There’s 25.9 billion rows of data within the data set I’ve mentioned, that’s 18.5 Trillion tokens. It’s called FineWeb for those interested. In training a model, they’re given permissions to sample a maximum token length from within these 25.9B rows. These samples are termed the models ‘Context Length’. Conversely to tokens; more context can be better. But it has its trade-offs. Computational cost being one. Probably why Google is capable of offering a model with a 2 million token possible context length!
Models sample their allowance of context from their training data, and this becomes the input for the Transformers architecture. (I apologise in advance to those that understand this as second nature, as I butcher your field.)
The input is consumed so that prior tokens can influence future tokens. As the context length is consumed; a likely contender for the subsequent token will begin to bubble to the top. An input of 100 tokens is weighed up against the embedded tokens probabilities, and the most likely is provided as the 101st. This process is called the models Attention.

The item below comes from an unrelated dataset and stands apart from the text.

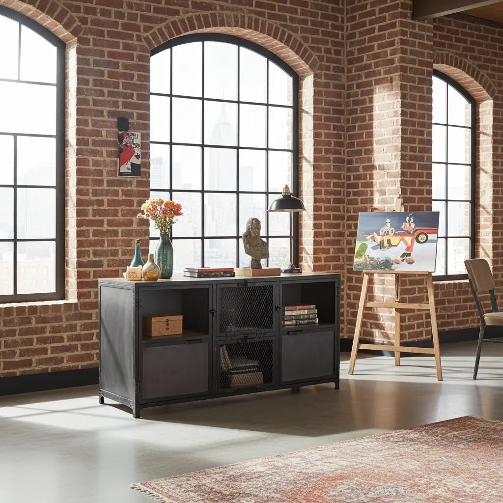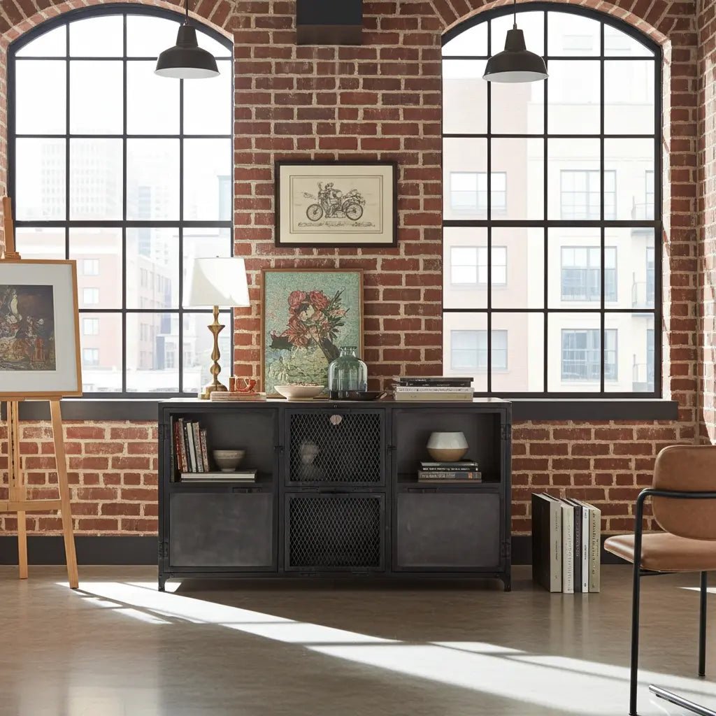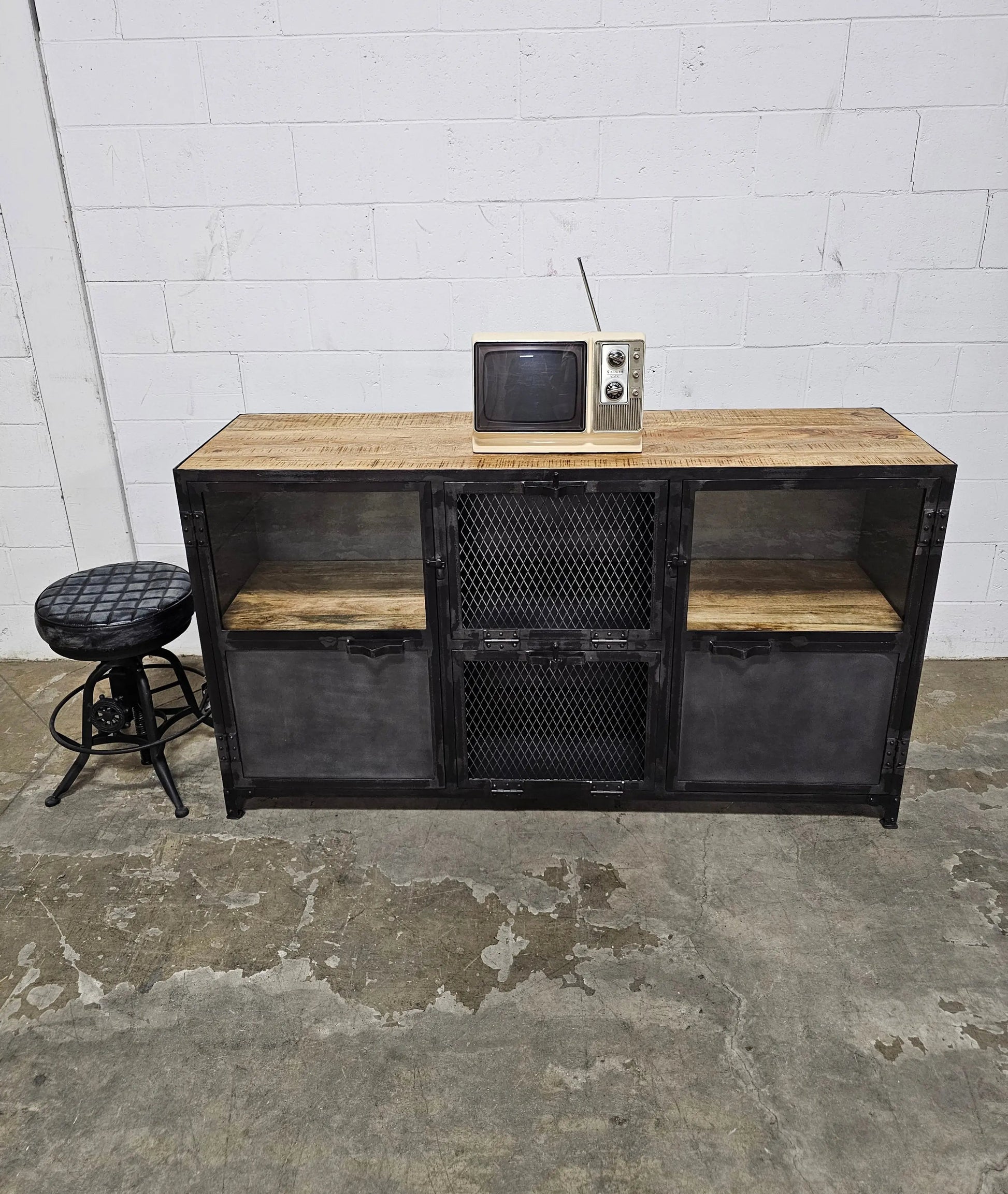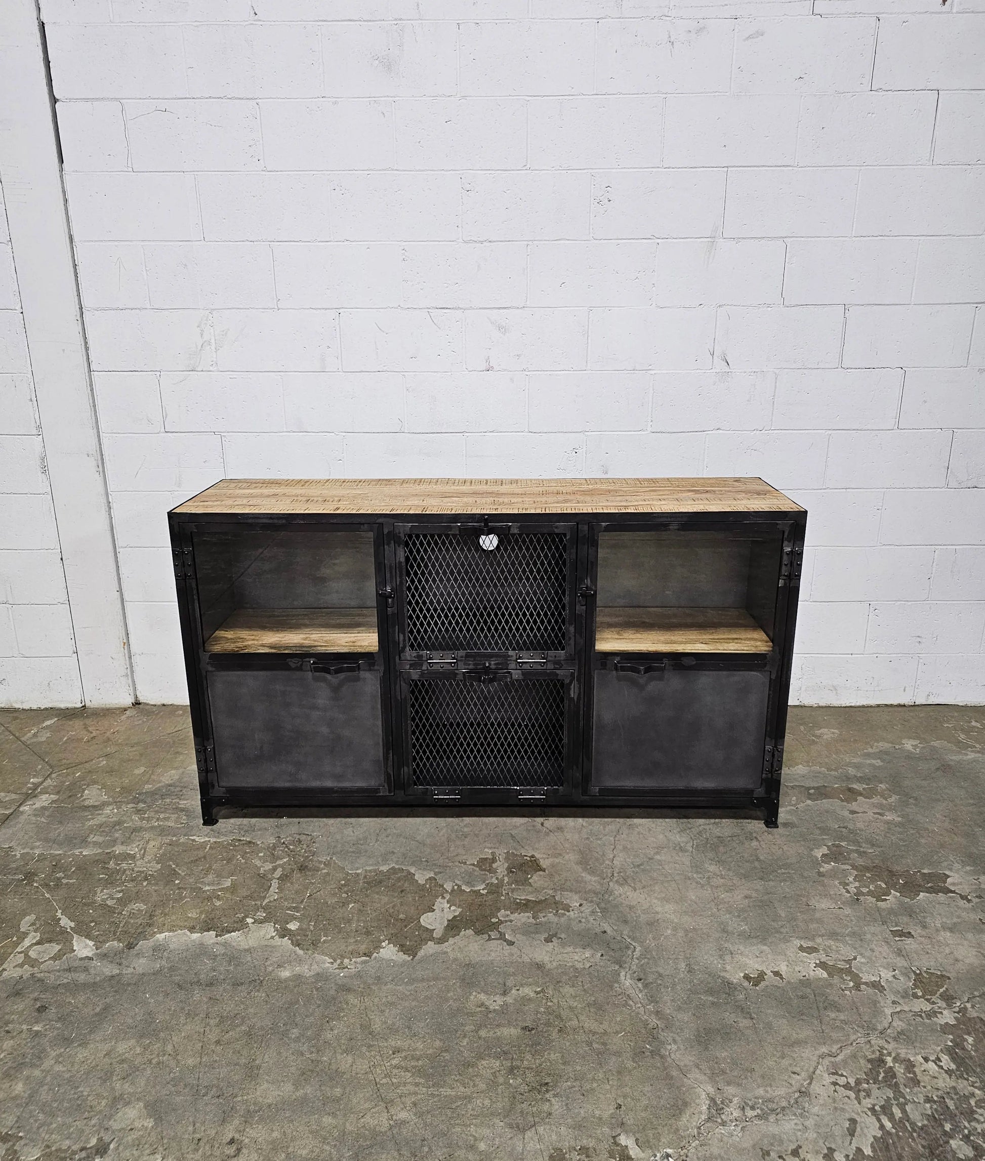 Buffet Ibiza en Bois de Manguier & Acier Brut – Portes Vitrées Style Atelier

I fear losing the casual reader if I dive deeper. Another, more technical article may be in order. Which, when published, I would invite those more knowledgable in the field to scrutinise, pick apart and meet me with better education on the topic. As this is something I’d like to understand deeply.
The Attention process isn’t done just once. It’s repeated many times, simultaneously. Sit Elm in front of you. Then duplicate her left and right. As you’d see in an elevator with mirrors on opposing walls. Now, repeat the question of a walk. Every Elm could be considered a unique head of Attention, each focused on a unique element of your input. There were 96 of these Attention heads in the case of GPT-4.
The outputs of an attention block is not fed to us, the user, just yet. It’s passed forward to another element, a Multilayer Perceptron or MLP. Another one for my more technical article, but at a high level, as I understand currently: it’s within this element that models can map contextual cues to their training data, recall facts or memories perhaps.
Refinement
Would you believe that what comes out of the training is not the final product we receive? The output of what we’ve discussed is termed a ‘Base Model’. There are models like this available online. However, one wouldn’t garner the same quality of response as you would with a refined or ‘Instructed’ model. The idea of an instructed model gets a little squirrelly in my mind. I’m yet to settle on an opinion about it. I don’t fully understand my feelings toward it either. However, I digress.
The base models must be further trained. As they stand, entering a query will produce a string of tokens that appear to us, the users, as words but unlikely to be related to the input. Unless one is quite intelligent in their prompting.
What happens is that training data is developed manually, by professionals across all fields, and to a design specification. This is additional to the 55Tb of the Internet dataset. It involves preparing scripts, written in the format User, Assistant, User, Assistant…, etc. These scripts are highly refined by the creators of the models. As these act as the templates for how the model should respond to us users. Hallucinations are trained out of the models at this stage as they are desired to be as accurate and factual as possible.